Only one span of the listing below is wanted: the lines from the one with "Plakāts sastāv no" through the one with "Женская футболка Betty", reproduced exactly, both ends kept.

**Dataset excerpts:**

* * * *

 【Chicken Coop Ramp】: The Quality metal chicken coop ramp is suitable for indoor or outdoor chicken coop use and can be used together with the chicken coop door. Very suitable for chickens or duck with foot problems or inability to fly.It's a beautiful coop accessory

* * * *

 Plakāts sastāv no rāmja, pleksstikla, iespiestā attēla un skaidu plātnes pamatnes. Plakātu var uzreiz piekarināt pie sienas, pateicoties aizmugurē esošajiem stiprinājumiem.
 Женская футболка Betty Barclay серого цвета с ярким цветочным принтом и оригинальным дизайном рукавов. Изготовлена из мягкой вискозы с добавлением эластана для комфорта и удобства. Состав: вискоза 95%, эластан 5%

* * * *

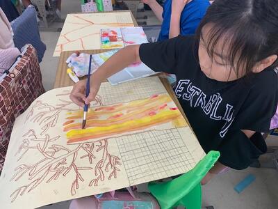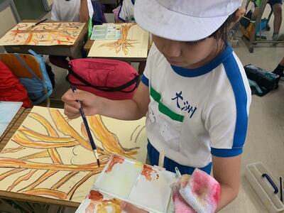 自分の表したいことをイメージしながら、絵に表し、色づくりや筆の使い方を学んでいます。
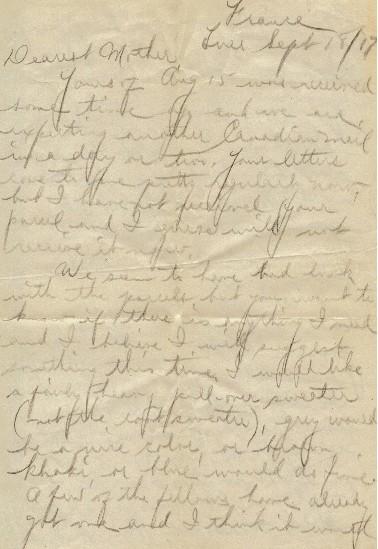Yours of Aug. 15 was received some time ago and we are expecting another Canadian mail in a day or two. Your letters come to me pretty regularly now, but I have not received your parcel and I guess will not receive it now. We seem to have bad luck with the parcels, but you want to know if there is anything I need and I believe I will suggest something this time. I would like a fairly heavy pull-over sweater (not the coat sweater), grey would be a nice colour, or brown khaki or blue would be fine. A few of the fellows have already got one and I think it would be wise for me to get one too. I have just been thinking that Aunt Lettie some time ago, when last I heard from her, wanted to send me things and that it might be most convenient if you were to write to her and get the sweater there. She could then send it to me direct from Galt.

* * * *

**Response to the exercise:**
 Plakāts sastāv no rāmja, pleksstikla, iespiestā attēla un skaidu plātnes pamatnes. Plakātu var uzreiz piekarināt pie sienas, pateicoties aizmugurē esošajiem stiprinājumiem.
 Женская футболка Betty Barclay серого цвета с ярким цветочным принтом и оригинальным дизайном рукавов. Изготовлена из мягкой вискозы с добавлением эластана для комфорта и удобства. Состав: вискоза 95%, эластан 5%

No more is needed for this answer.